Polemics is a very good indicator of interaction with other religions, and polemics against
other religions occur in many kinds of Mandaean literature, even in the liturgies.
Mandaeans always lived on other peoples’ territories, which means necessary
interactions with the religions of others. Polemics against stated, identified groups
reflects real, historical interactions. If those groups were unable to read Mandaic, would
the use of the Mandaic language itself provide a shield of secrecy, a certainty that no
outsiders would obtain access to the texts? Or, were ancient Mandaic texts translated, for
reasons of missionizing, intellectual discussion, or defamatory purposes?

That there was a set method for conversion—and for bringing apostate Mandaeans back
into the fold—is clear in GR 1, 1.92 Regarding this testimony, it is worth noting that
potential converts listen to the Mandaean texts being read to them.93 GR 1, 1, does not
state that those persons could read the texts, but hearing implies an intelligible language!
Which one(s)? Who would be impressed by the display and contents of somebody else’s
sacred texts? In pre-Islamic Mesopotamia: Jews and Christians, certainly.
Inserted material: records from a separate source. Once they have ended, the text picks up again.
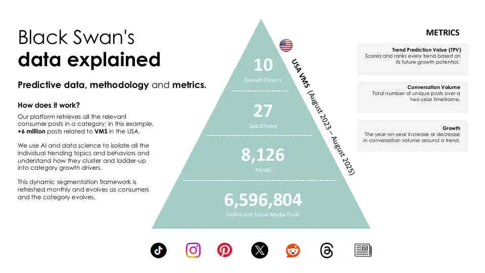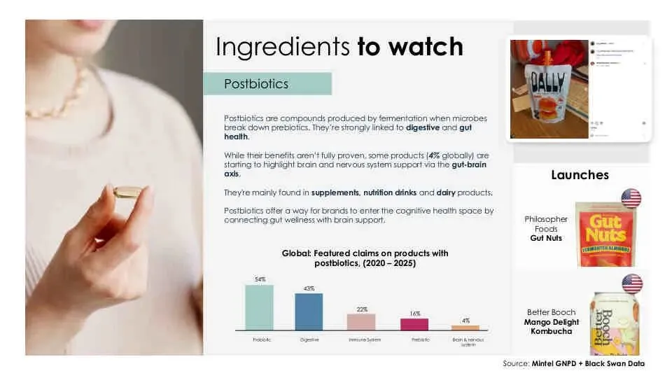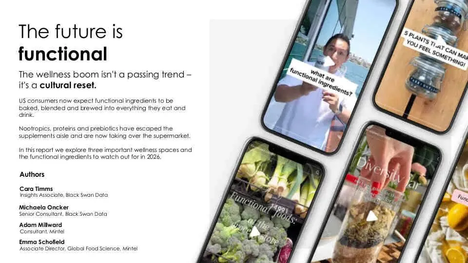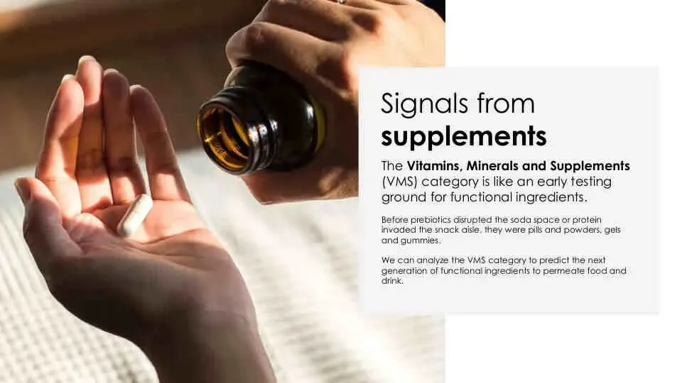 - 方法论: 报告通过分析维生素、矿物质和补充剂(VMS)品类中的早期消费信号,来预测未来将渗透到食品饮料中的热门功能性成分。
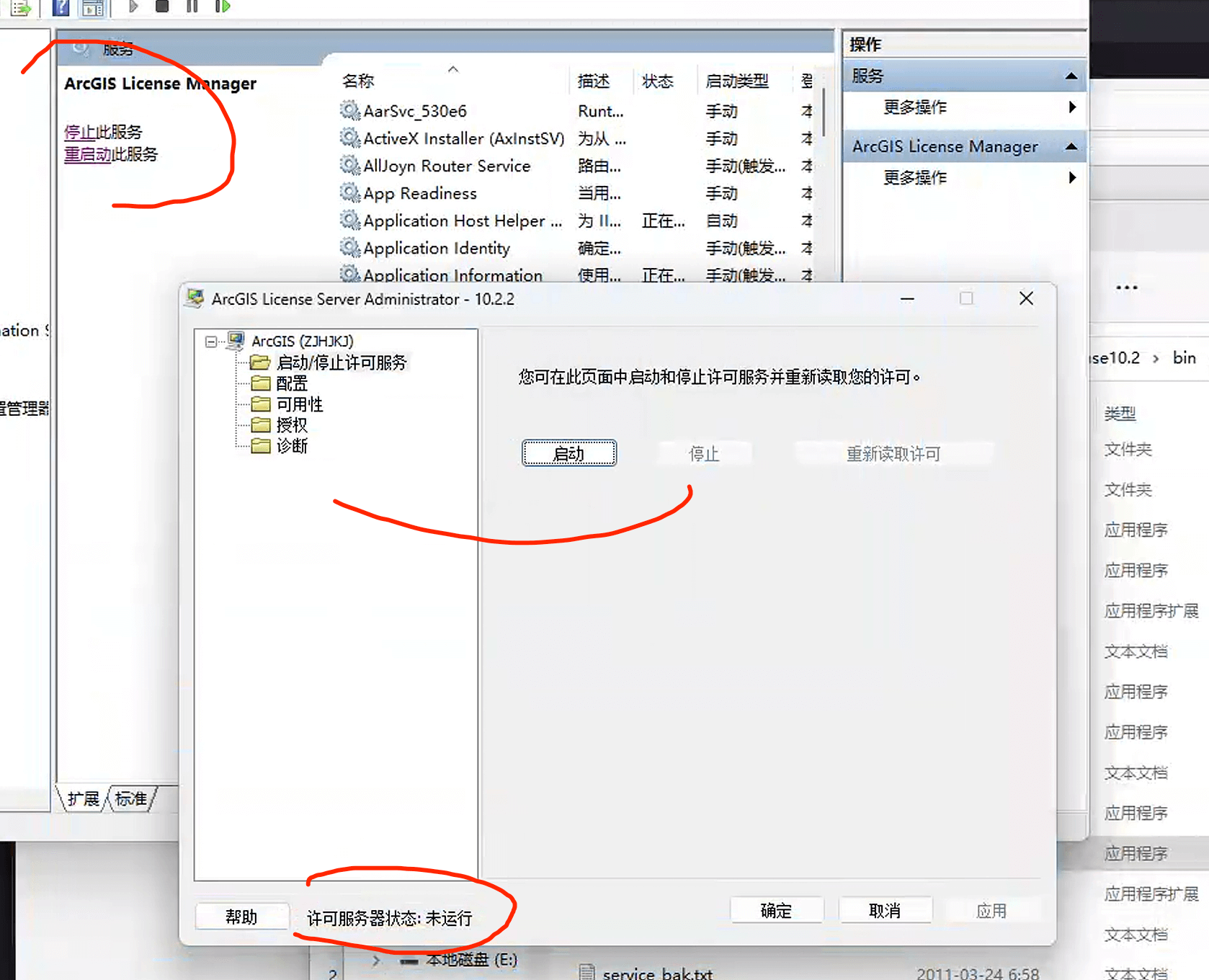 (1) 其实我没有解决,但是我发现了一个规律,就是我替换了 service.txt 文件之后,没一会 license 就关闭了,我再次把 service.txt 复原,这个时候还是启动不了。需要到 计算机管理 -> 服务-> ArcGIS License Manager 这个服务停掉,这个时候,这个 LSAdmin.exe 就可以重新启动了。
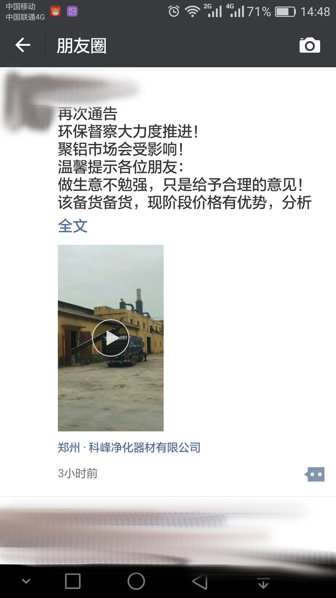 近幾日,鞏義市環(huán)保局加大了對(duì)化工企業(yè)的檢查力度,關(guān)于企業(yè)安全規(guī)章,環(huán)境保護(hù)措施等開(kāi)會(huì)嚴(yán)查。規(guī)定立即實(shí)行。關(guān)于聚合氯化鋁產(chǎn)品會(huì)不會(huì)漲價(jià),另行通知。請(qǐng)關(guān)注朋友圈動(dòng)態(tài)。周經(jīng)理微信:13503999995.
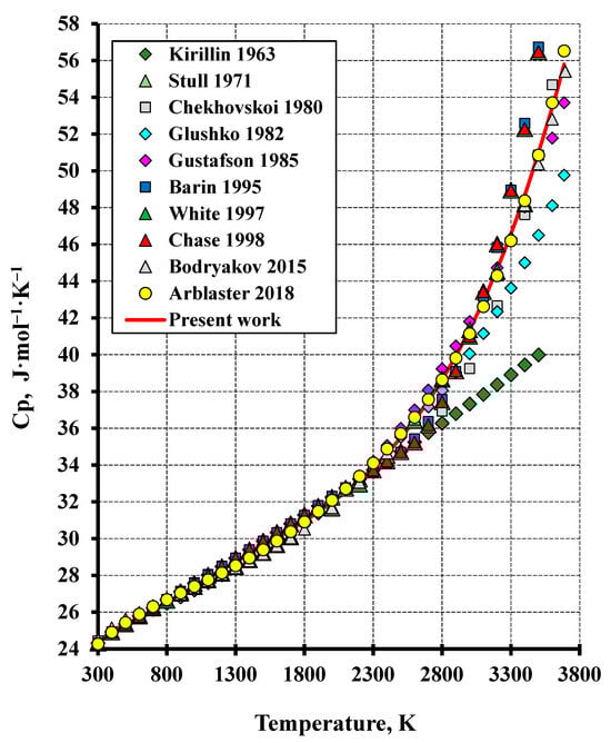 The thermodynamic functions of tungsten are outlined in the reference literature and review papers [4,17,18,19,20,21,22]. Some studies examined only separate properties such as heat capacity and enthalpy [23] or only heat capacity [24,25]. The comparative values of heat capacity from the cited works are outlined in Table 1.
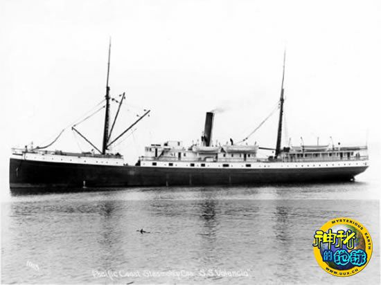 【巴伦西亚号(The SS Valencia)】巴伦西亚号是一艘在906年沉没在英属哥伦比亚·温哥华海岸附近的船。当时轮船在门多西诺角遭遇了恶劣天气,还触了礁,船身开始进水。船员们马上放救生艇解救船上的108名乘客,但是仍有人不幸遇难。巴伦西亚号最终沉没,船上180余人只有37个幸存下来。5个月后,一名渔民在一个洞穴中发现救生筏和8具人骨,警方展开调查,但是一无所获。这个戏剧性的故事就这样告一段落,而这个结局也最终为巴伦西亚号的诡异故事提供了来源。水手们常常说在巴伦西亚号触礁附近海面上会看见漂浮的幽灵,而且在巴伦西亚号沉没27年后,在巴克利海湾居然发现了一艘当年的救生筏,甚至还保留着原来的油漆涂层。
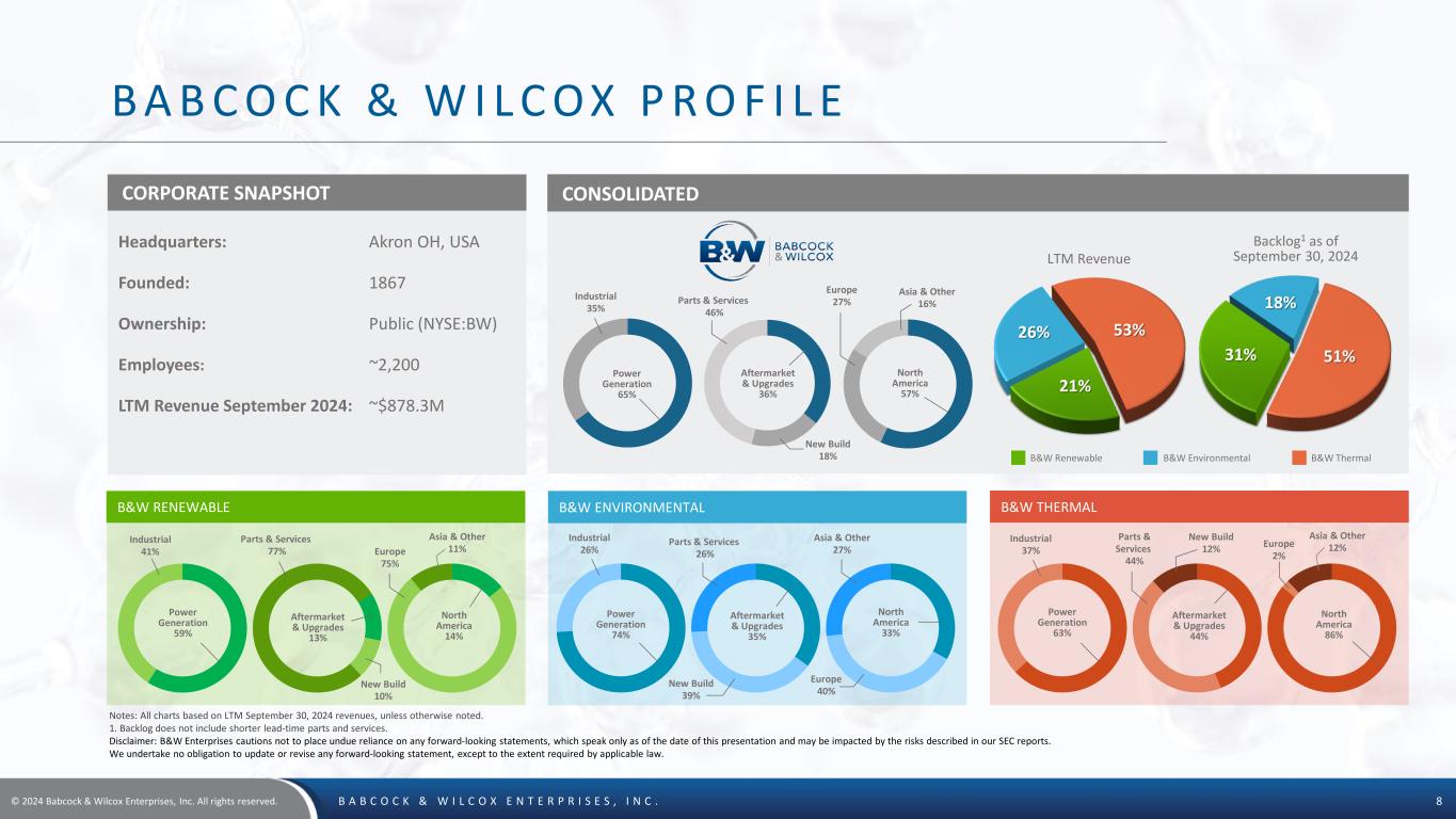© 2024 Babcock & Wilcox Enterprises, Inc. All rights reserved. B A B C O C K & W I L C O X E N T E R P R I S E S , I N C . 7 W E ' R E L E V E R A G I N G A VA S T I N S TA L L E D B A S E A N D P R O V E N T E C H N O L O G I E S More than 300 operating utility and industrial boiler units in the U.S. and nearly 200 operating utility and industrial boiler units across 40 countries around the world More than 5,000 industrial water- tube package boilers and other waste heat recovery products installed in a variety of facilities Average approximately 500,000 Boilermakers’ construction manhours per year over last five years More than 500 waste-to-energy and biomass-to-energy units at 300+ facilities globally (consuming over 61 million tonnes of waste per year) and a leader in plant availability Serving utility, waste management, municipality and investment firm customers Large worldwide installed base of wet and dry scrubbers for SOX reduction, particulate control equipment, NOX reduction technologies, and mercury control systems to meet environmental regulations Flue gas pre-treatment technologies for use with CO2 capture A VAST GLOBAL INSTALLATION OF B&W’S CORE TECHNOLOGIES AT UTILITY AND INDUSTRIAL PLANTS CREATES LARGE GROWTH OPPORTUNITIES FOR PARTS, SERVICES AND RETROFITS
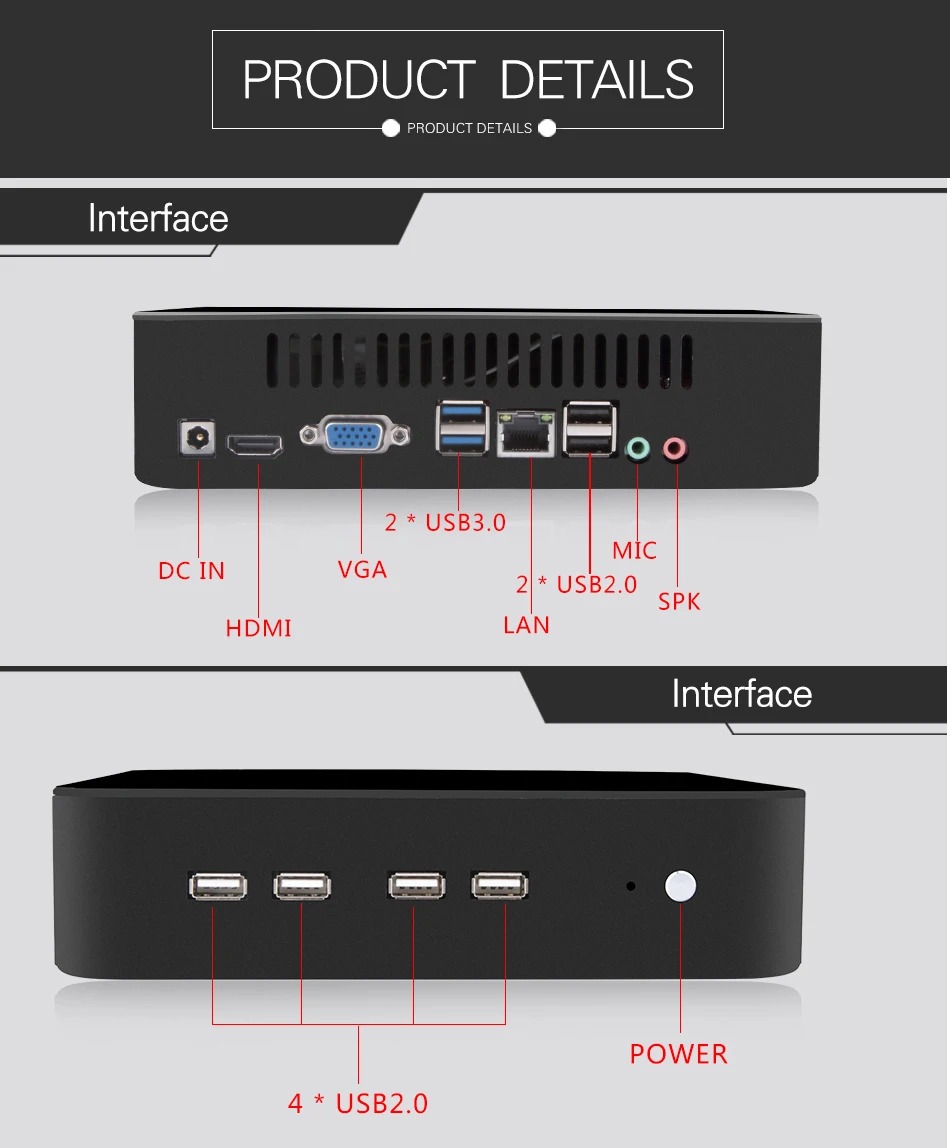 4GB RAM+64GB SSD+1T HDD Intel core i5-4200U Fanless Mini PC Micro PC 4*USB 3.0 Ports HDMI, 4K HD HTPC TV Box Windows 10 Pro

In the third century, the Zoroastrian priest Kartir includes ‘baptists’ in his list of enemy
religions in the Sassanian empire.94 And we have noted bar Koni, who knew GR 6 and
‘translated’ it. Who claims—or denounces—other religions’ texts? Brazenly accusing the
Jews of misunderstanding their own traditions, the Mandaeans insist that they possess
the correct, insider knowledge. To assert that Jesus betrays his own Mandaean religion is
a related tack. In both cases, Mandaeism is truer, more ancient, pure.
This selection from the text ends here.